I use descriptor subcategories for 3D rep because I might want to assign materials via subcategories. 3S rep doesn't usually require a material as it is not used in coloured views, but in elevations & sections. However, you can still assign a material to the 3S rep elements by assigning its material to a material parameter.

You may come up with other subcategories. The point is every element needs to be on consistent  subcategories reflecting their representation level. 

To manage subcategory visibility create views in your family file for each representation level. I have done it to my family templates so they are always available when I make a new family.

There is further control via Family Element Visibility Settings. You can change which view type an element will be visible in. But only up to a point, everything but Symbolic lines and Masking regions are always visible in 3D views.
Note also that objects not exactly parallel to an elevation or section will display as if they are in a 3D view,  Left/Right and Front/Back settings are ignored.

Family Element Visibility Settings for 2S elements.
(note only Detail Levels are available for Symbolic lines and Masking regions)
In this example the chair doesn't appear at all in plan views set to Coarse Detail Level.

Family Element Visibility Settings for 2D elements.
In this example a 2D representation only appear in 3D views set to Coarse Detail Level.

Family Element Visibility Settings for 3S elements.
In this example 3S rep elements only appear in elevations, sections & 3D views set to Medium Detail Level. Symbolic Lines (2S rep) are used in plan views so you don't want 3D elements to be visible in plans.
Family Element Visibility Settings for 3D elements.
In this example 3D rep elements only appear in 3D views set to Fine Detail Level.
They don't appear at all in elevations or sections.

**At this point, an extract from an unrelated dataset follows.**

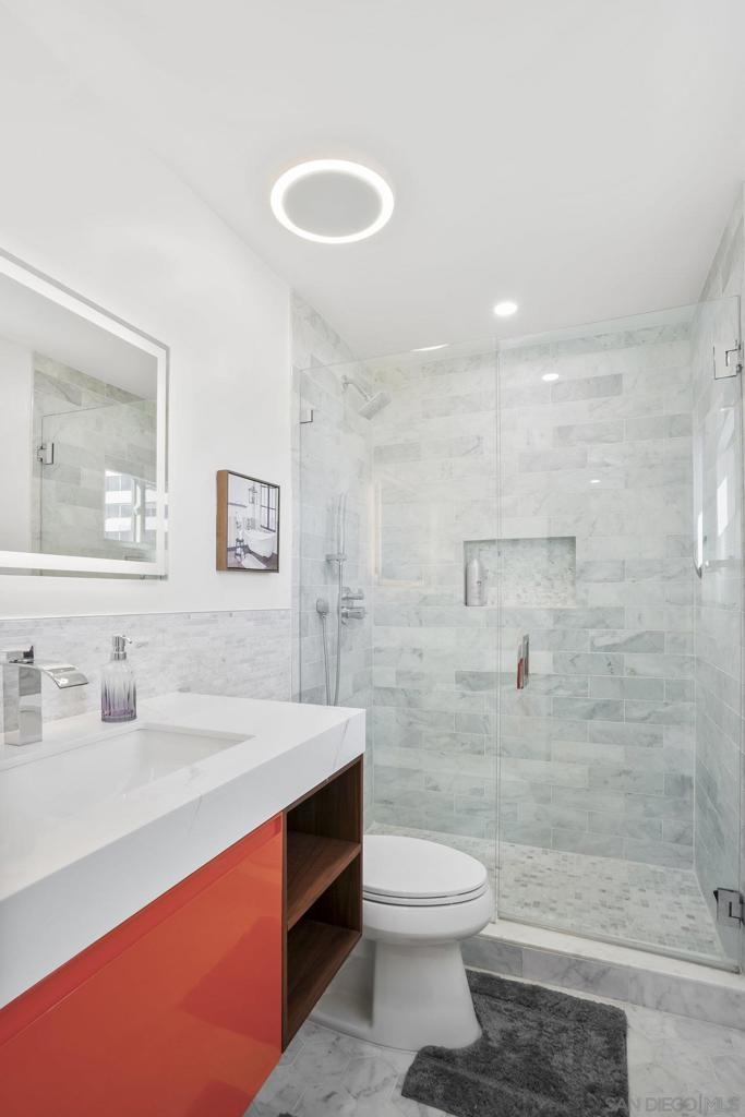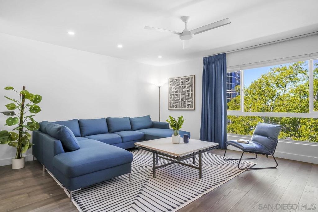 Welcome to an exceptional top-floor penthouse offering unparalleled sophistication and privacy. This highly upgraded corner unit boasts hardwood floors throughout, striking marbled bathrooms with floating vanities and a newly upgraded kitchen complete with stainless steel appliances and custom tile backsplash. Light and bright, highlighted by oversized windows with custom treatments. Enjoy ample storage with sleek finishes, and the convenience of a side-by-side laundry room, with washer and dryer included. Only one shared wall in a boutique 21-unit complex, privacy is paramount. Located in the heart of Bankers Hill/Hillcrest and just moments from Balboa Park, Little Italy, and downtown, this penthouse offers the perfect blend of luxury living and urban convenience. Short term rentals ok!

If the realistic view is simple, use the same elements for both 3S and 3D rep.
One element can appear as both 3S and 3D rep by ticking both Medium and Fine in its Family Element Visibility Settings, and making sure Front/Back and Left/Right are also ticked.

A word about nested families.
If you set any of the Family Element Visibility Settings to elements within the nested family those elements won't appear in your family views when you place the nested family. For example if an element in a nested family has display in Plan/RCP unticked, you won't be able to see it in any plan views, which can make it nearly impossible to place it. Also if any of the Coarse, Medium or Fine settings are unticked you won't be able to use the nested family for both 3S and 3D representations in your family.
Apply any Family Element Visibility Settings to the whole nested family after it has been placed.

So there you have it. It may appear a bit complicated at first, but once you get into the habit of making families this way it is pretty straight forward. Good family templates takes a lot of the work out of it.
And you end up with highly flexible families, so people can spend more time on the project and less time making families. Or as I think of it, more time to concentrate on the architecture (or engineering).